For starters, let's analyze his words: "... raped by a pack of n***ers ..."

We may never know whether his tirade stemmed from some form of kinky fantasy or if it was an attempt to scare Grigorieva into a more modest mode of attire. Clearly, Gibson felt that the specter of rape by a bunch of "niggers" packed more wallop than her being gang-raped by a group of white guys.

Is rape by black men somehow worse than rape by white men? Somehow, due to centuries-long racial conditioning, we've been taught that there's something extra-thrilling or extra-deadly and dangerous about black rapists. It's a perception that's been reinforced and validated through mass media for centuries. Black men as sexual predators predates slavery and has been an ongoing cinematic theme from D.W. Griffith's "The Birth of a Nation" in 1915 to the 2009 Oscar- winning Sandra Bullock film "The Blind Side."

We live in a society that tends to light on one or two superficial incidents to draw definitive conclusions. If a white, high-profile person said "nigger" publicly or privately, he/she is painted as a "racist." Yet, if average people were honest, they'd admit that they, too, fear black people, speak of them condescendingly, repeat stereotypes or say negative things about blacks in private that they wouldn't dare say publicly.

Are they racists?

It's easy to condemn someone like Gibson who uttered the N-word. What's harder to acknowledge or challenge is average people who cling to N-word-type perceptions.

Two years ago, psychologists from Stanford, Pennsylvania State University and the University of California-Berkeley released a study revealing that a disturbing number of Americans still subconsciously associate blacks with apes.
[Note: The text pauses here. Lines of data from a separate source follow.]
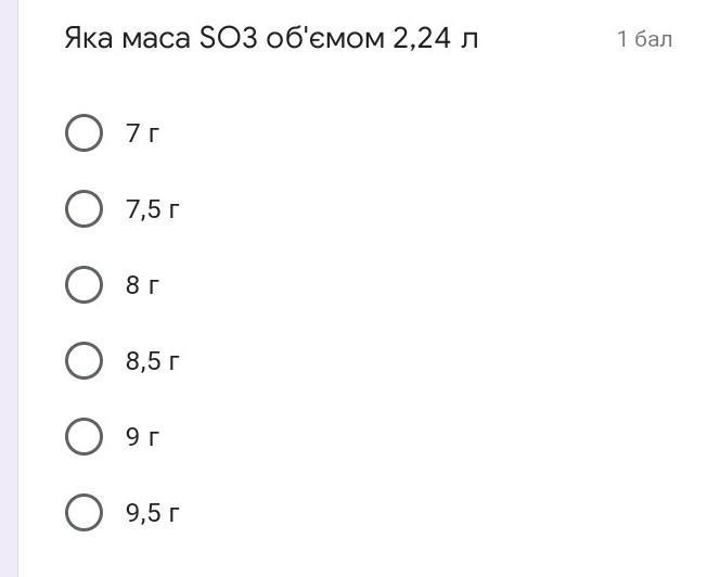 Маса SO3 обємом 2 ,24 л складає 8 г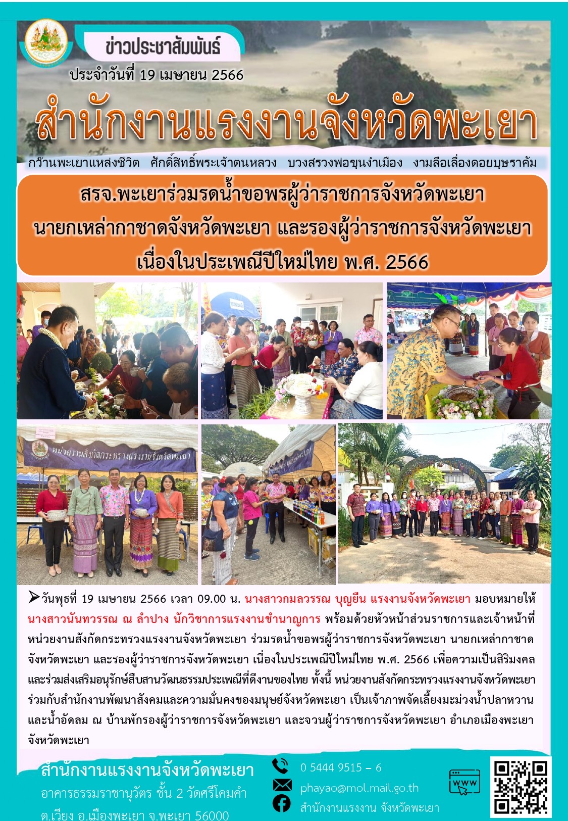 สรจ.พะเยา ร่วมรดน้ำขอพรผู้ว่าราชการจังหวัดพะเยา นายกเหล่ากาชาดจังหวัดพะเยา และรองผู้ว่าราชการจังหวัดพะเยา เนื่องในประเพณีปีใหม่ไทย พ.ศ. 2566
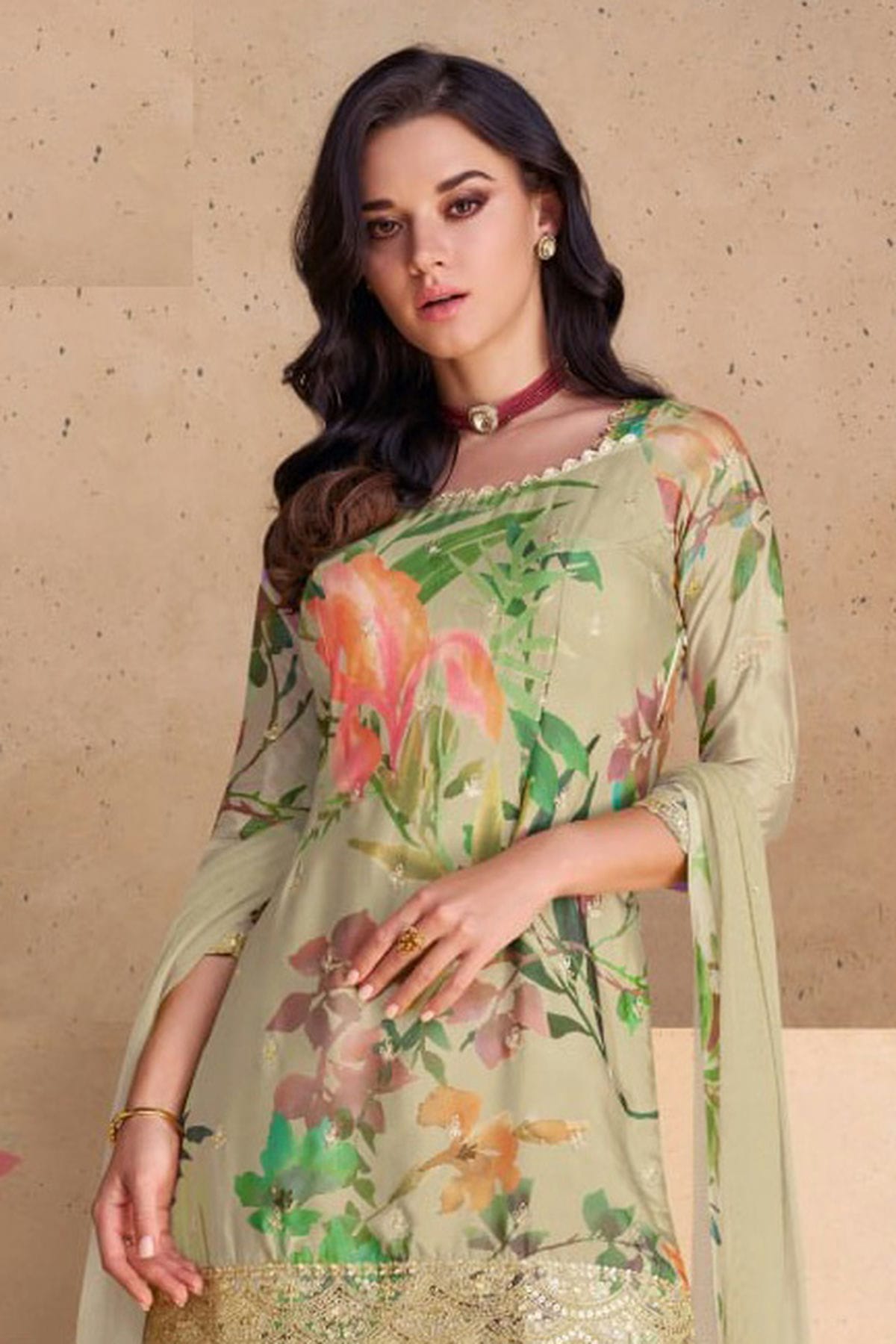 Cream Colour Semi Stitched Chinon Palazzo Pant Suit VSSM1140235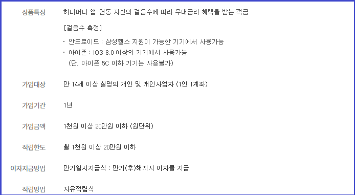 하나머니 앱 자신의 걸음수에 따라 우대금리 혜택을 받는 적금입니다.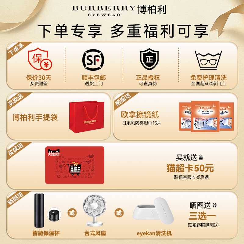 Burberry博柏利眼镜框女款黑框潮近视眼镜架度数可配男款OBE2376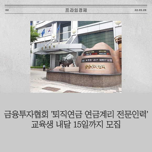 [프라임경제] 금융투자협회는 26일 연금계리 전문인력 양성을 위한 '퇴직연금 연금계리 전문인력' 집합교육 교육생을 내달 15일까지 모집한다고 밝혔다.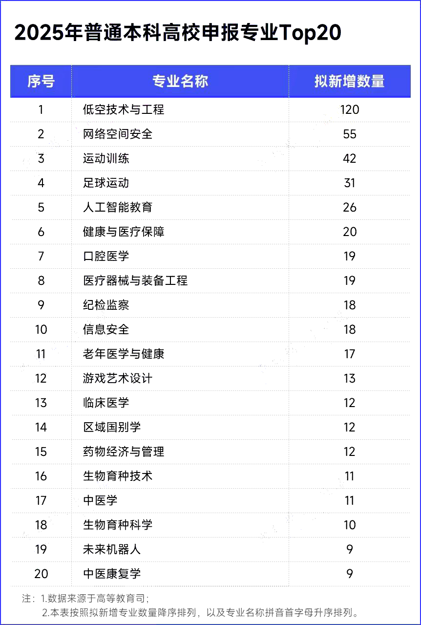 经统计,2025年度全国普通高校共申报本科专业239种,拟新增专业863个。其中,低空技术与工程专业拟新增120个,数量最多;网络空间安全专业次之,拟新增55个。 公示显示,江苏共有南京大学、东南大学等35所普通高校申报新增专业59个,涉及专业40种。其中南通大学新增运动训练、足球运动、智慧能源工程专业,南通理工学院新增低空技术与工程专业。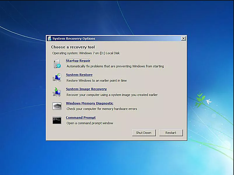 Расширенные параметры Windows RE (среда восстановления) можно использовать для исправления ошибок загрузки.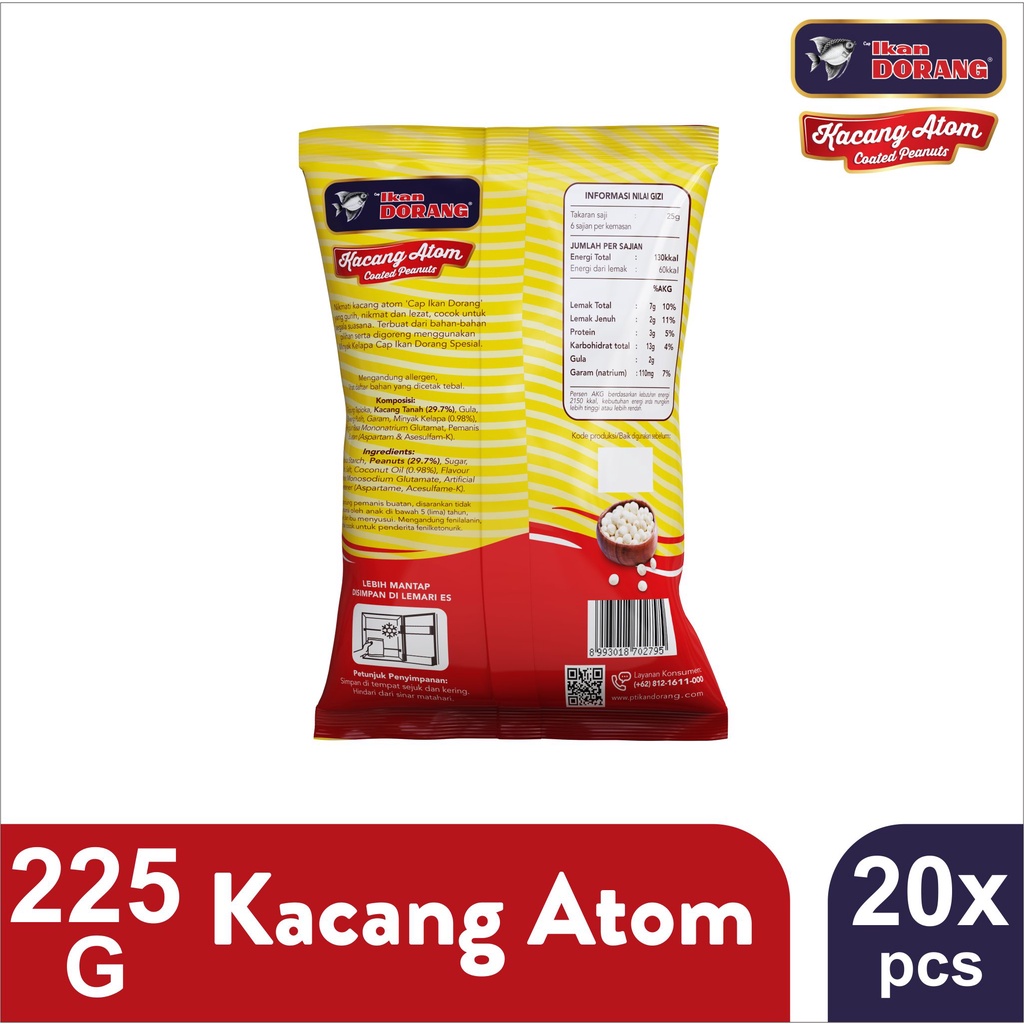 Ikan Dorang - Kacang Atom 225 gr (Original) - Multipack 20 pcs/ 1 KARTON

The researchers detailed societal norms that condone violence against black criminal suspects based on the fact that many Americans are still unable to accept blacks as fully human.
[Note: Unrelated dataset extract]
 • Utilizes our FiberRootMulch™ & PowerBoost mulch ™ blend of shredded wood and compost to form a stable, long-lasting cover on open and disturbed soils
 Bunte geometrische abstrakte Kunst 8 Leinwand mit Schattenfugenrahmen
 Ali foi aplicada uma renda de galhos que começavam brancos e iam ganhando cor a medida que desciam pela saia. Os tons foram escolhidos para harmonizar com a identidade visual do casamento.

University of Illinois Professor Travis Dixon published results in 2008 from his study that found that the more people watch either local or network news programs, the more likely they are to absorb and draw on negative black male stereotypes. Even those who consider themselves "prejudice-free," Dixon noted, will see blacks as intimidating and violent. Added to this perception is the research led by Michigan University professor Dr. David R. Williams which showed that 45% of Whites think Blacks are lazy, 29% think they are unintelligent and 56% feel Blacks would rather live on welfare than work.
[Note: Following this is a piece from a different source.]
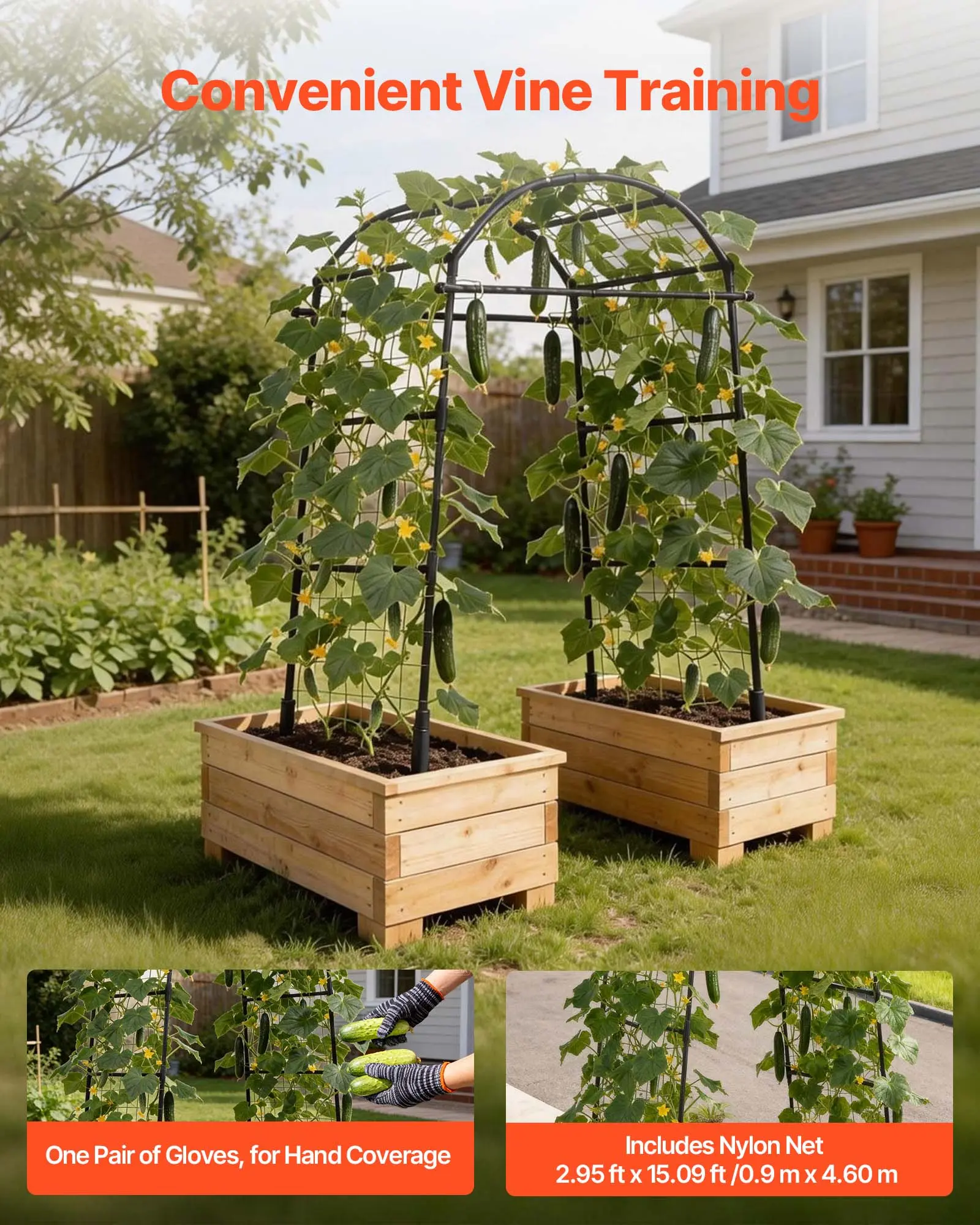 Promote Plant Growth: The vertical arch-shaped garden trellis effectively guides plants to climb upward. It provides ample space for better airflow and sunlight, promoting photosynthesis and higher yields

These observations in the real world are far more damaging than an actor who let the N-word roll off his tongue during a heated phone conversation. Further, it's hypocritical to hate on Gibson or other white people because of what they say or think without taking black folk to task for what we do.

If Gibson is a "racist" for saying "niggers" then the label should apply to all black folk in the entertainment industry who casually use of the word and promote misogynistic messages that validate the dehumanization of women. Our credibility is strained when we condone black entertainers, especially hip hop artists and comedians, whose lyrics and jokes are saturated with "nigger-humor" and exploitative sexual and violent stereotypes.

How can we participate in the promotion of ourselves as buffoonish, sex-crazed, gun-toting, "niggers," allow media moguls and their minion producers, hosts and directors to facilitate the onslaught of racial negativity and then turn around and become outraged when whites articulate what we advocate, support and sell?

It's easy to write Gibson off as just another racist nut job. Elements of that description may very well hold truth. But the collective response is still too expedient. It negates the need to flip the mirror, look deep inside and explore the embedded societal conditioning that quietly and consistently validates and reflects Gibson's ugly sentiments.

Gibson's career will sustain further damage from a private conversation gone public. However, until we start to think critically, the public perception that validates and fuels such thoughts will, more than likely, go unnoticed and unchallenged. Mel Gibson, like millions of Americans, is just another victim of racial brainwashing.

Dwelling on Mad Mel as a racist is an easy distraction. We must vow to get to the root of America's race problem. We must stop the Brainwash! We must!